*DIRECTIONS FOR THIS TASK:* Starting at the line with "Sukienka z materiału" and ending at the line with "Some wonderful rustic", print exactly the lines of the entries below. Pictures do not belong in the copy.

*EXTRACTED INFORMATION:*
[Start of section]

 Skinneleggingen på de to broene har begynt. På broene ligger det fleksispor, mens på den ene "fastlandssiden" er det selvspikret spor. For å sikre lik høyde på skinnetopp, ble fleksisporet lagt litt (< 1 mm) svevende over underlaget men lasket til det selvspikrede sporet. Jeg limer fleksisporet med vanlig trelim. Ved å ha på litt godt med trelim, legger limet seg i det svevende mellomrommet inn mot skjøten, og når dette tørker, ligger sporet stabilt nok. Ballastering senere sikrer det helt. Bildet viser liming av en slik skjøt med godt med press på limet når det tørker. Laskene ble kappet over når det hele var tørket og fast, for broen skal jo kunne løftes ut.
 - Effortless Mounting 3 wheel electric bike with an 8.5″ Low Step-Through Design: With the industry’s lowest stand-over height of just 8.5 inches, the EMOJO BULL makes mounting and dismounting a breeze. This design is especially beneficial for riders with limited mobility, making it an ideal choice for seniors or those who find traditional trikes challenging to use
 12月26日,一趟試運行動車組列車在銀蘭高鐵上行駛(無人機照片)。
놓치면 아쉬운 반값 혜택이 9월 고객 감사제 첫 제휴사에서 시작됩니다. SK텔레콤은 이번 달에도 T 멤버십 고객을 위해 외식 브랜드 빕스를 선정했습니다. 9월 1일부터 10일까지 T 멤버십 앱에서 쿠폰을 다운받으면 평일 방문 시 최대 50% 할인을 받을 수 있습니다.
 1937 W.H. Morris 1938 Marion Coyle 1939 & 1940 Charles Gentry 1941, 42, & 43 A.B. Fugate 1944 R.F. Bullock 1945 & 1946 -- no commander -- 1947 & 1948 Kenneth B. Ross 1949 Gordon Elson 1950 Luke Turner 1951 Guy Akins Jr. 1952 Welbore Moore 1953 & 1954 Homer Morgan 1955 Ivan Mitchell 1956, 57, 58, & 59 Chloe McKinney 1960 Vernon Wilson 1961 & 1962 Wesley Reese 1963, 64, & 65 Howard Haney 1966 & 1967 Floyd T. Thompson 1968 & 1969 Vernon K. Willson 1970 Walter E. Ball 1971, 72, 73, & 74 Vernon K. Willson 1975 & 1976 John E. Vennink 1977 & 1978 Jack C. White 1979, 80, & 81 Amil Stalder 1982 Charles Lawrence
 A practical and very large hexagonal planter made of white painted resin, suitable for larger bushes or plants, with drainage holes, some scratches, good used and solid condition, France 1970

[End of section]
[Start of section]

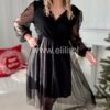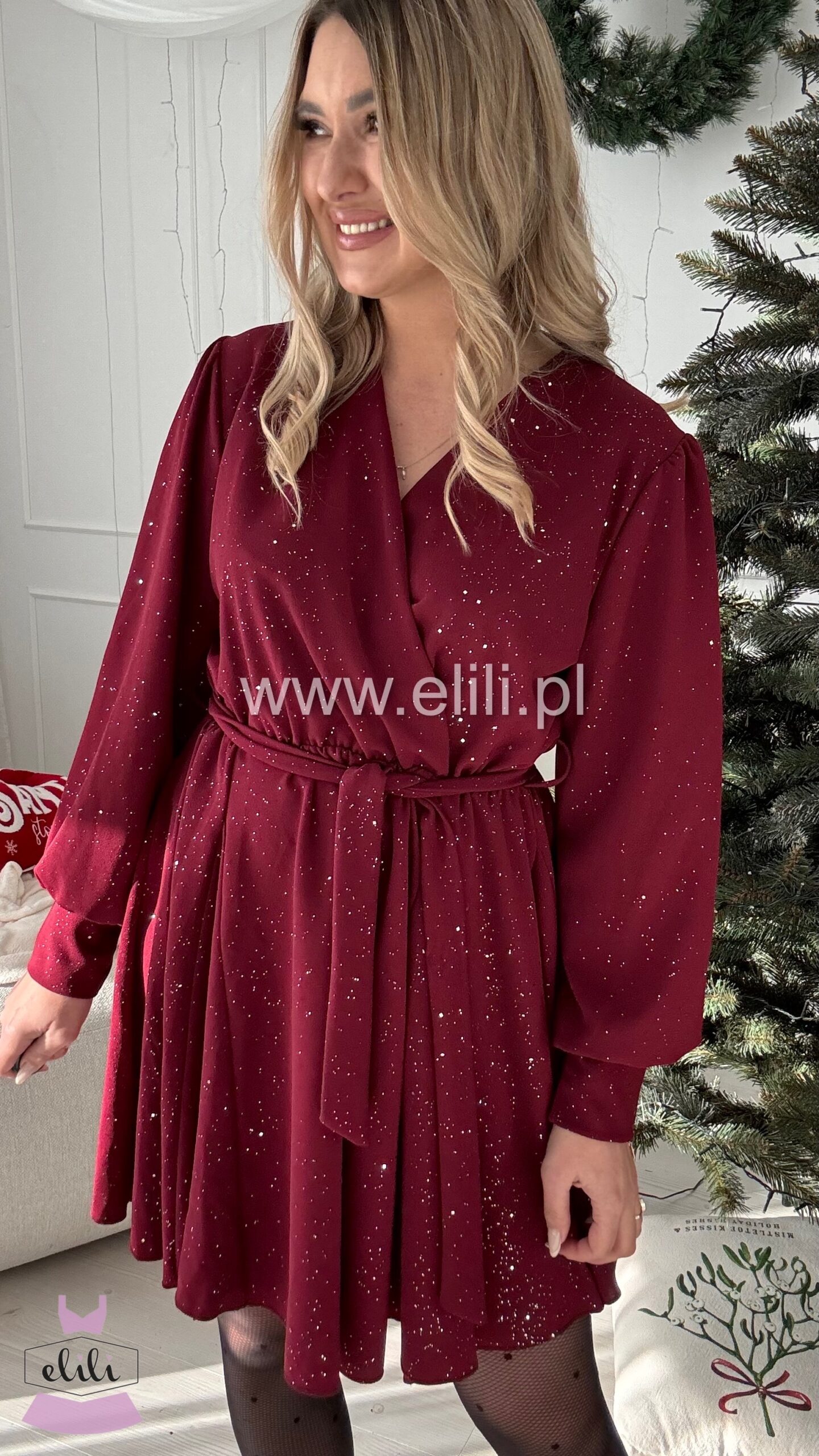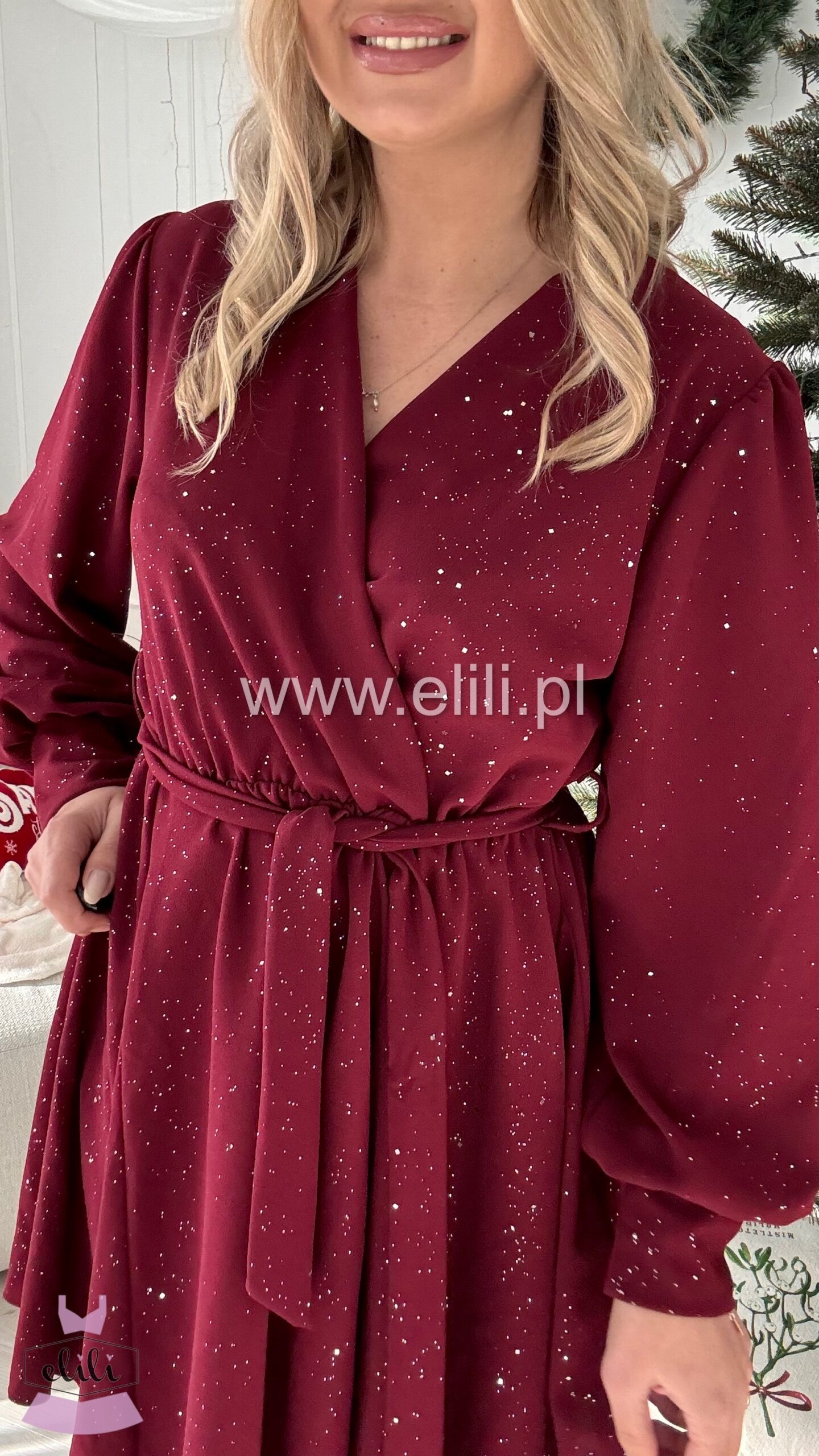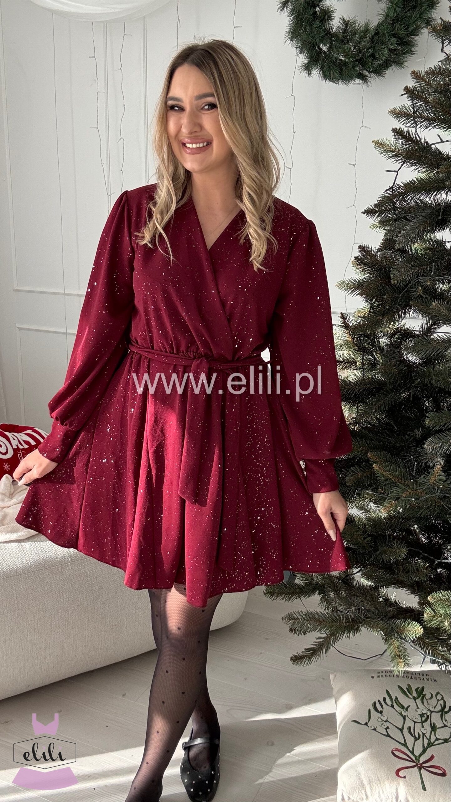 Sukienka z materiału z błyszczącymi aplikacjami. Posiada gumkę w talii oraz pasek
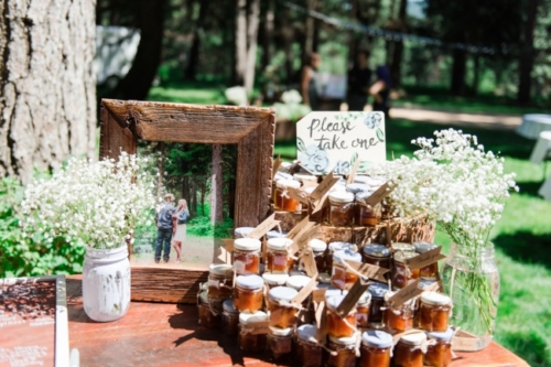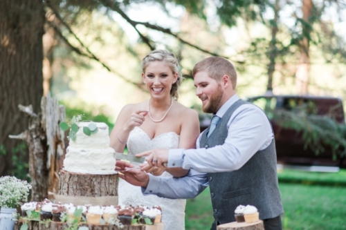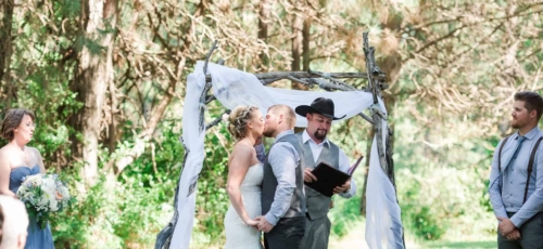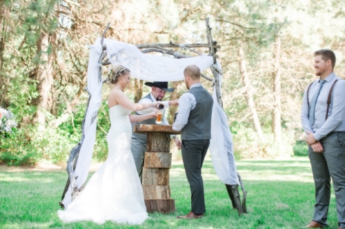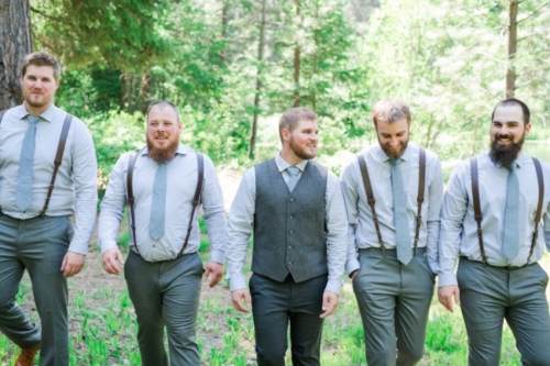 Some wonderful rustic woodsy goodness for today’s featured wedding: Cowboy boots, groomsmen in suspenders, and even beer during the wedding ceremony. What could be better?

[End of section]

*RESPONSE BELOW:*
 Sukienka z materiału z błyszczącymi aplikacjami. Posiada gumkę w talii oraz pasek
 Some wonderful rustic woodsy goodness for today’s featured wedding: Cowboy boots, groomsmen in suspenders, and even beer during the wedding ceremony. What could be better?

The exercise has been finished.